=== Your assignment ===
Look through the entries below for the line with "智通财经APP获悉,香港联交" and the line with "Sahasam Swasaga Sagipo", then give again exactly those two lines and all lines between them, minus the pictures.

Records from a dataset:
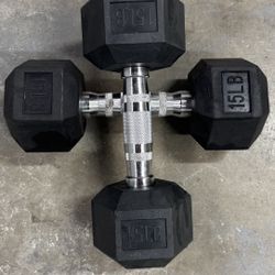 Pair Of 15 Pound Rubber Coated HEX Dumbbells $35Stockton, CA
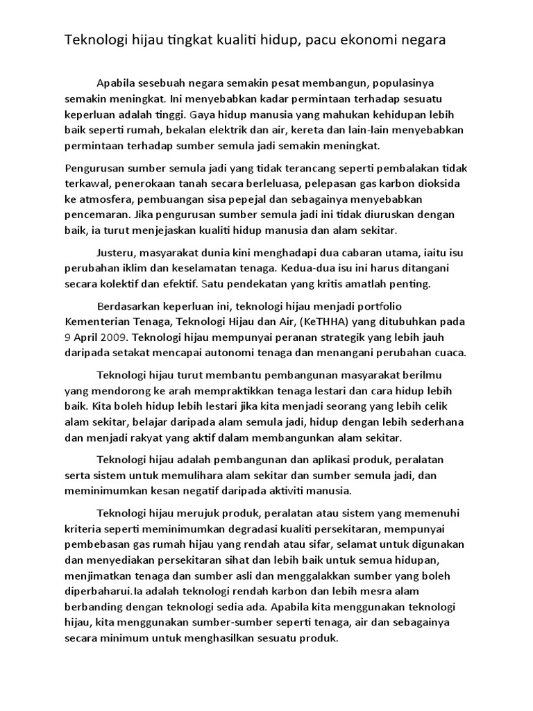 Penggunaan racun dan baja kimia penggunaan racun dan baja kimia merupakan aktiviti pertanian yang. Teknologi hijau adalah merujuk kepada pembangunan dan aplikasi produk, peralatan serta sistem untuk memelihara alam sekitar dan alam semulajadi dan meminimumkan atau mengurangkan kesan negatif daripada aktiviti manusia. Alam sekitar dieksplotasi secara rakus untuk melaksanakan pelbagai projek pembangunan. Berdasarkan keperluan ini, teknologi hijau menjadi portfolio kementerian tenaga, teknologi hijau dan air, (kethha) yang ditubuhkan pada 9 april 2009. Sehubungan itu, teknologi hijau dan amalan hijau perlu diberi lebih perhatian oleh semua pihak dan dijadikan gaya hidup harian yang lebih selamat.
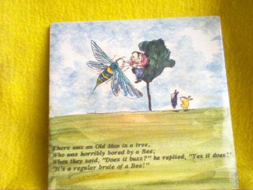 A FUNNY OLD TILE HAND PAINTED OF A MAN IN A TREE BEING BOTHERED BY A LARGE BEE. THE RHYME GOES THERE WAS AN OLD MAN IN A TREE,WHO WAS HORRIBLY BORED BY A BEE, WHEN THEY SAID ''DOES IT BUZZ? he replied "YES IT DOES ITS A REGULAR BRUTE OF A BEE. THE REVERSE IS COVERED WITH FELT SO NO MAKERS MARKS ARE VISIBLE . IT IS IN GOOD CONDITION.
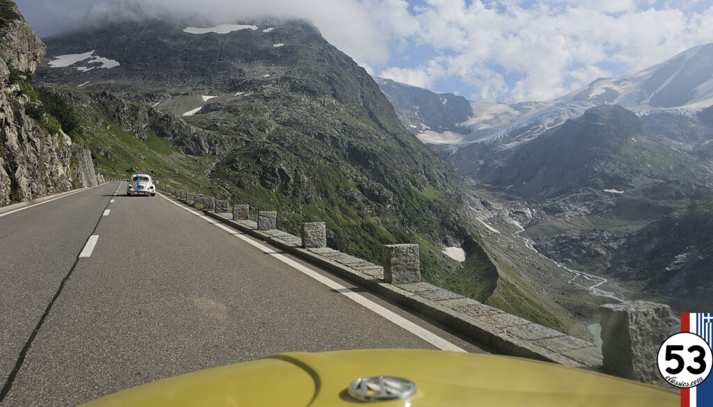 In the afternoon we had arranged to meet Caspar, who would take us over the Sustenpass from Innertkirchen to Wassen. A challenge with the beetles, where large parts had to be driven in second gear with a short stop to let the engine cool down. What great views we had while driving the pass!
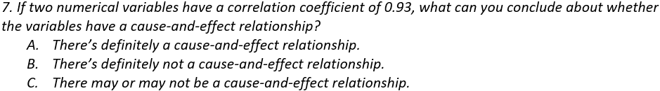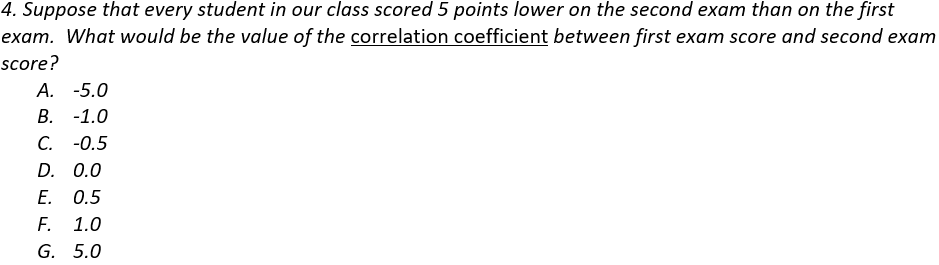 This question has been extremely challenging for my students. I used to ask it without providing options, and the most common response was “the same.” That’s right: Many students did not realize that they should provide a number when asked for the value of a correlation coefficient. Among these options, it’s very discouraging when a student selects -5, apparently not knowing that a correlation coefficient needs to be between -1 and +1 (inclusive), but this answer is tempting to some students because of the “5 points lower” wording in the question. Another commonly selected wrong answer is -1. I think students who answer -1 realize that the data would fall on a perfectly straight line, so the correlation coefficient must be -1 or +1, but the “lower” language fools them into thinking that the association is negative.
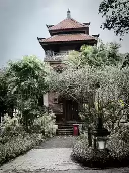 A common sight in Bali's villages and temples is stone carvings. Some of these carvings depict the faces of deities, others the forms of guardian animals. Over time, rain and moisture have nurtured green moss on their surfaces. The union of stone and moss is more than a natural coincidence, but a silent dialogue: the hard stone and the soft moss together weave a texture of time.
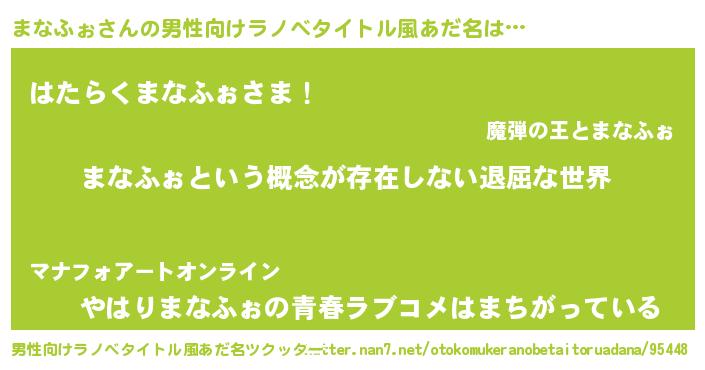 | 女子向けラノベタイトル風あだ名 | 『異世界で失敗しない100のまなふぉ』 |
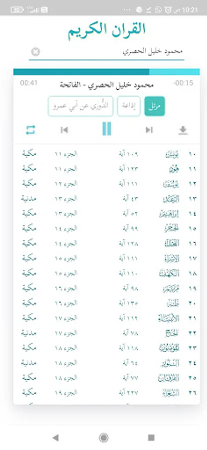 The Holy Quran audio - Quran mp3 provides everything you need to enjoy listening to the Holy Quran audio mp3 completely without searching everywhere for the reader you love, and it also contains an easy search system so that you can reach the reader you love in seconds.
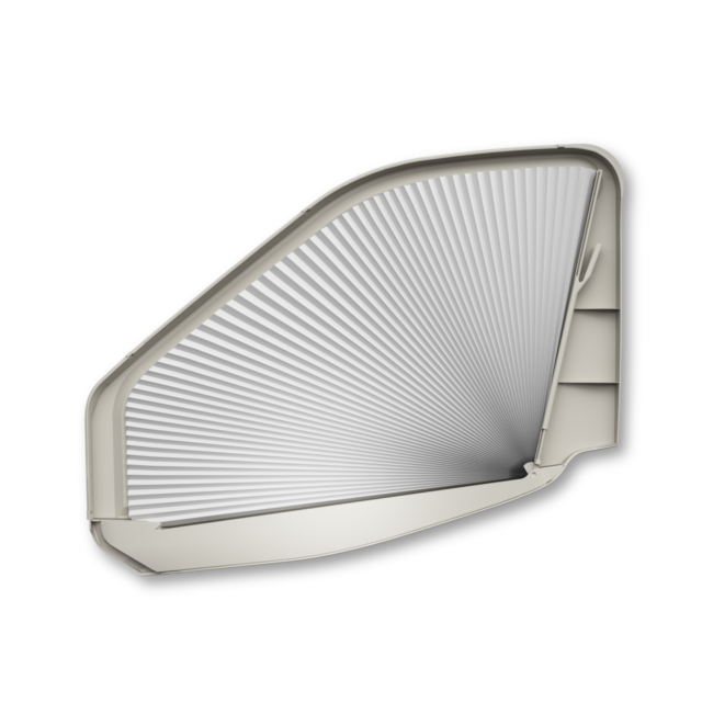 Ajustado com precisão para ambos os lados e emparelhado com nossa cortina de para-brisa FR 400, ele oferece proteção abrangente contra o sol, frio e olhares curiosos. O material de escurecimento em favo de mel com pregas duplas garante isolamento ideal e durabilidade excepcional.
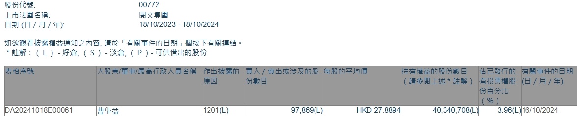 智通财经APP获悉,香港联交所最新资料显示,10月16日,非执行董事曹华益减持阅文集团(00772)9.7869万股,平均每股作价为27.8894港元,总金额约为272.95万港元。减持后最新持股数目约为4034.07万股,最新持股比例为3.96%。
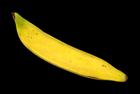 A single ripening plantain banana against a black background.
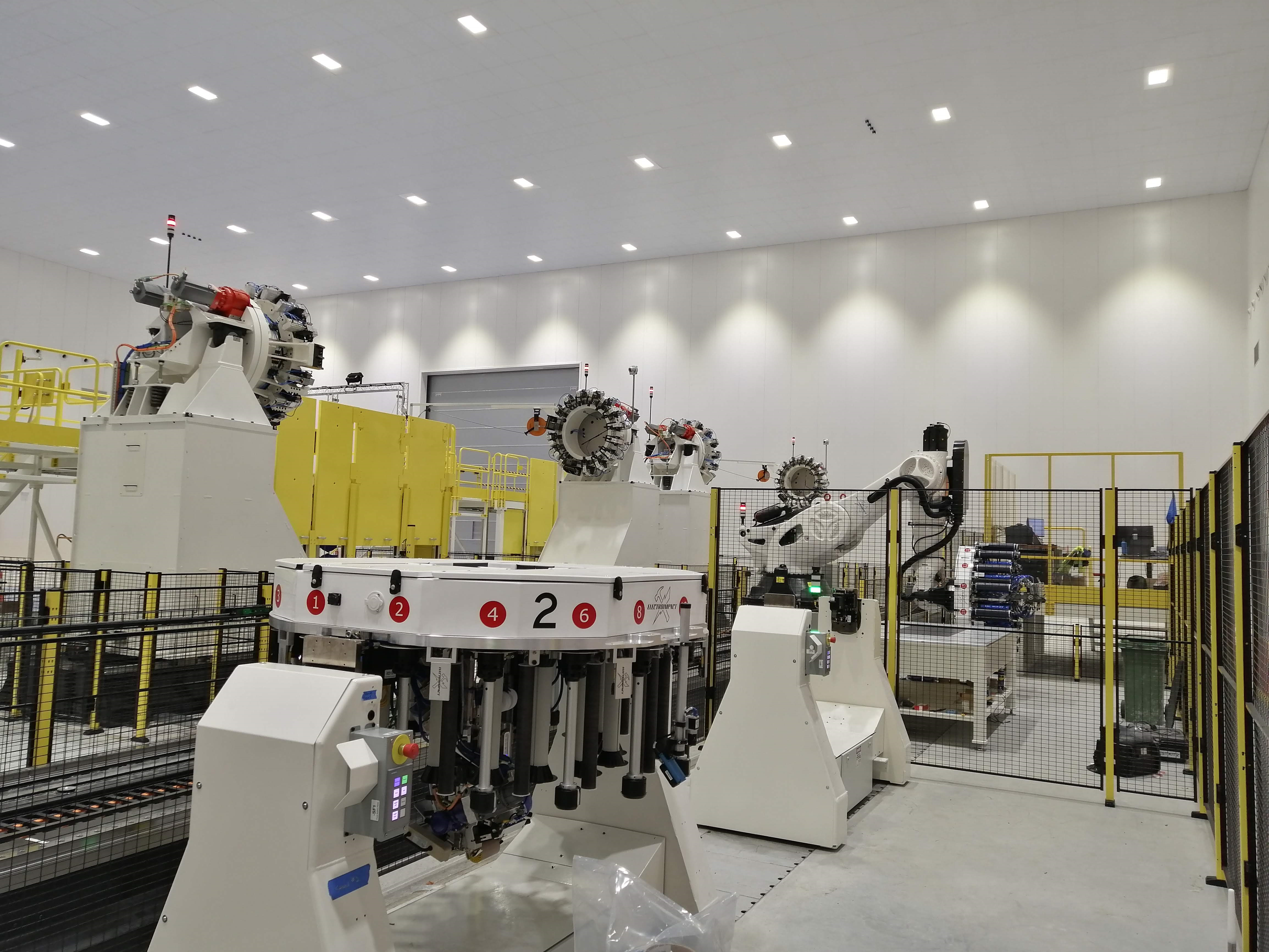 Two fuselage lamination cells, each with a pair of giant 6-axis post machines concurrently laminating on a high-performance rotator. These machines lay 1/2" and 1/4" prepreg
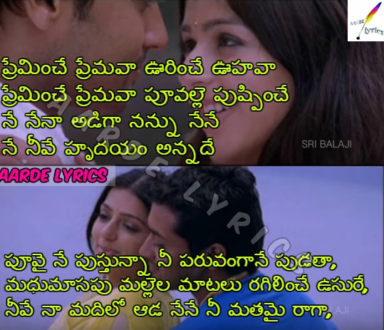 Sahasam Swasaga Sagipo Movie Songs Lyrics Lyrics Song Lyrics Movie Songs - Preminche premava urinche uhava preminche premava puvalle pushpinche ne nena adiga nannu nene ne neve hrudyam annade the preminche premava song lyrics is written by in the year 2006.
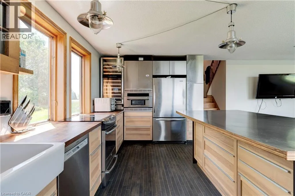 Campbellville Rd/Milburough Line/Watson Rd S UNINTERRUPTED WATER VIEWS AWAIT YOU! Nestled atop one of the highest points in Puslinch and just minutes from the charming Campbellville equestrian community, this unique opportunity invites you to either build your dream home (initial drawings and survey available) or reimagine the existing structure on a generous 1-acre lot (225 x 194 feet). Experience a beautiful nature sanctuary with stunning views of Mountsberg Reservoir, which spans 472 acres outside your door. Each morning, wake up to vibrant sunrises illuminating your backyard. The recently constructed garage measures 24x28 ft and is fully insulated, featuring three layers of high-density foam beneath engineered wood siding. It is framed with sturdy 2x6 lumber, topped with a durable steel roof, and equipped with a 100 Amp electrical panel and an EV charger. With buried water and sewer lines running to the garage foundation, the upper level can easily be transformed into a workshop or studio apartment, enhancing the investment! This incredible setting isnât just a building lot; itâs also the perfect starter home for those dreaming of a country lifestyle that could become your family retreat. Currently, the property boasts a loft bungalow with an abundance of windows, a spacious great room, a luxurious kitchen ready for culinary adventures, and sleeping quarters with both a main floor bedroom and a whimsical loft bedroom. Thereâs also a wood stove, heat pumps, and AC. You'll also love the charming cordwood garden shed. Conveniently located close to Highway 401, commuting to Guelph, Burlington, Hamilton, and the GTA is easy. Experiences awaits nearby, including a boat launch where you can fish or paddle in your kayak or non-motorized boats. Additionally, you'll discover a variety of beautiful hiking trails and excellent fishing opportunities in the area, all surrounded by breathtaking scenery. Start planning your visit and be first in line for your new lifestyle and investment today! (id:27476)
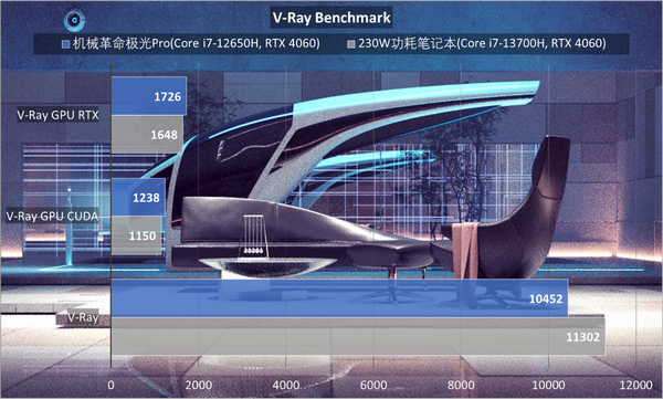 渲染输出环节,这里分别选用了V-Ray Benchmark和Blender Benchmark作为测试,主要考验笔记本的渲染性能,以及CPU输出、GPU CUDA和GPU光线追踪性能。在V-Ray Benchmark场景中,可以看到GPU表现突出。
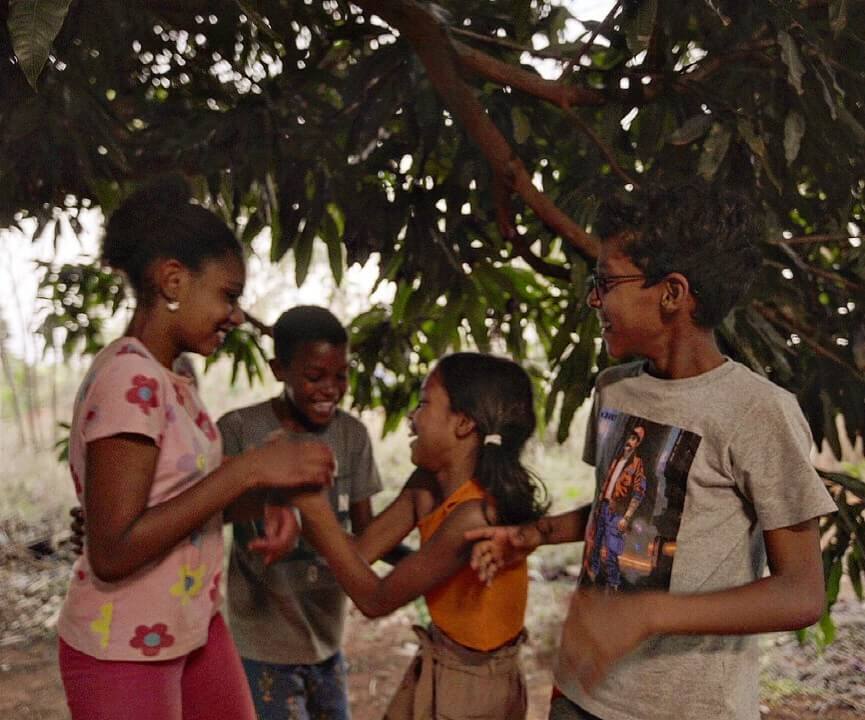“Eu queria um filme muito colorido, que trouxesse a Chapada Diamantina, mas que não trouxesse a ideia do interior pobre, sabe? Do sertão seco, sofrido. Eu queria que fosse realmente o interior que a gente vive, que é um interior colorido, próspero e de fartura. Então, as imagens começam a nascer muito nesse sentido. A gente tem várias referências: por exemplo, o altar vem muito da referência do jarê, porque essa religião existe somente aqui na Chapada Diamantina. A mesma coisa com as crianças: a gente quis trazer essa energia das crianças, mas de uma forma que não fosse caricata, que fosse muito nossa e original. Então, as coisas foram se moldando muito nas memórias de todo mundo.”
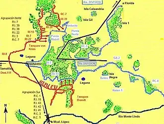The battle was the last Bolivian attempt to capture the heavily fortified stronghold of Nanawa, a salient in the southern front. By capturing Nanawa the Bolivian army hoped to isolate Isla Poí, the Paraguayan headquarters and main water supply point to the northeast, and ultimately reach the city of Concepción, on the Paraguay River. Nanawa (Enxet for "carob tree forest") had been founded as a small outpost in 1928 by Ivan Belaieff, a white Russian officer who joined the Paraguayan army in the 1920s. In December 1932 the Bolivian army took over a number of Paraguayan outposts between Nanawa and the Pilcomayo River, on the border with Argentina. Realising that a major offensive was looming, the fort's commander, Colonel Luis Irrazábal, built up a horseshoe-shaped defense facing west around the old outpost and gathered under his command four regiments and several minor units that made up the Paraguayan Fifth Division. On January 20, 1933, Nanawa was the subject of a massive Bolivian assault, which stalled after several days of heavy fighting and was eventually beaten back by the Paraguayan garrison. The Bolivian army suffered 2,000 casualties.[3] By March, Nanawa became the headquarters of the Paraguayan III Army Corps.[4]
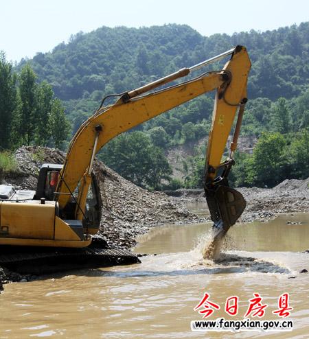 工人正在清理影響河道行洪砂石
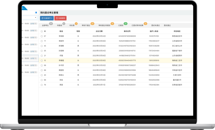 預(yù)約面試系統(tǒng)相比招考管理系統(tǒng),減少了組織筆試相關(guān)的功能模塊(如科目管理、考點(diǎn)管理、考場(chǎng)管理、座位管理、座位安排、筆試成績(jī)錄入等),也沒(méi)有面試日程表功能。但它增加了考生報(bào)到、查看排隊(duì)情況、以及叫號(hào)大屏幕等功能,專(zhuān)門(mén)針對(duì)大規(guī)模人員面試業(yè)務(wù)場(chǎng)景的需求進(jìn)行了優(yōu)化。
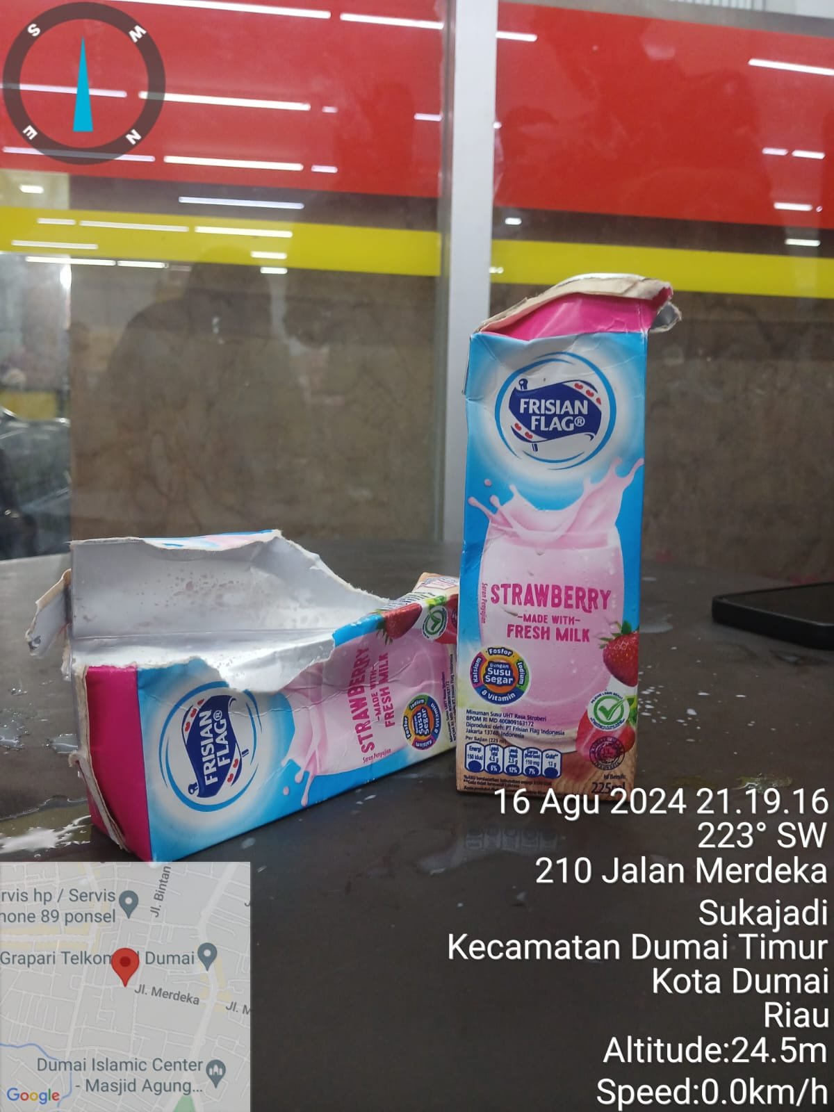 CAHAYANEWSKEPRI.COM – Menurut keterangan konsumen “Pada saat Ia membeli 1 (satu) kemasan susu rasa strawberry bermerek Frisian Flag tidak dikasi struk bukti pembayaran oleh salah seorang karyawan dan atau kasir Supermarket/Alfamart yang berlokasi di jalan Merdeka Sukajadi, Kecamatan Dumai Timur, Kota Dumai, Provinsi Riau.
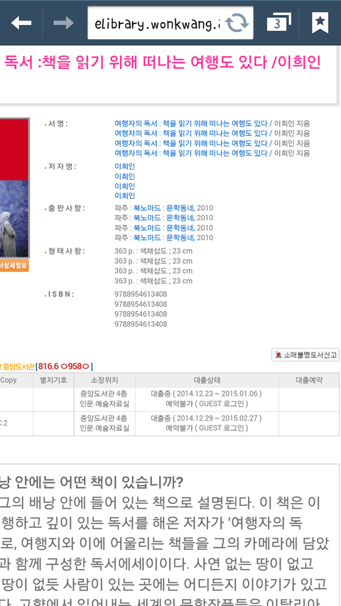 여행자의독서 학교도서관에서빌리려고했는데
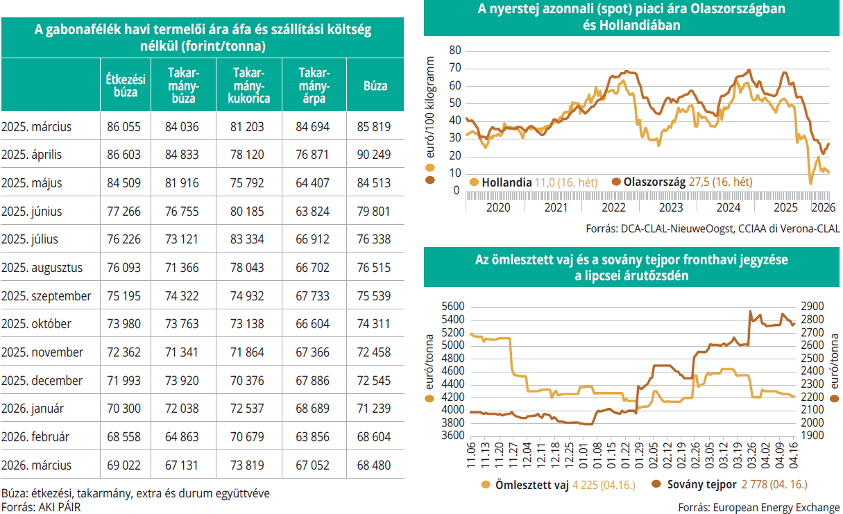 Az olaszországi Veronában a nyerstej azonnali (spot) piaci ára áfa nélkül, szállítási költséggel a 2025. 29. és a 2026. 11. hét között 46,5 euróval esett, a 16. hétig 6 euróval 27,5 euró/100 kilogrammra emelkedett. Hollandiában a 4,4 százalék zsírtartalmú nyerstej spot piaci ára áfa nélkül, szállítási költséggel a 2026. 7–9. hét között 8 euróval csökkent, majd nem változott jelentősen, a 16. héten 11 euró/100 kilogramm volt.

=== Exercise response ===
 智通财经APP获悉,香港联交所最新资料显示,10月16日,非执行董事曹华益减持阅文集团(00772)9.7869万股,平均每股作价为27.8894港元,总金额约为272.95万港元。减持后最新持股数目约为4034.07万股,最新持股比例为3.96%。
 A single ripening plantain banana against a black background.
 Two fuselage lamination cells, each with a pair of giant 6-axis post machines concurrently laminating on a high-performance rotator. These machines lay 1/2" and 1/4" prepreg
 Sahasam Swasaga Sagipo Movie Songs Lyrics Lyrics Song Lyrics Movie Songs - Preminche premava urinche uhava preminche premava puvalle pushpinche ne nena adiga nannu nene ne neve hrudyam annade the preminche premava song lyrics is written by in the year 2006.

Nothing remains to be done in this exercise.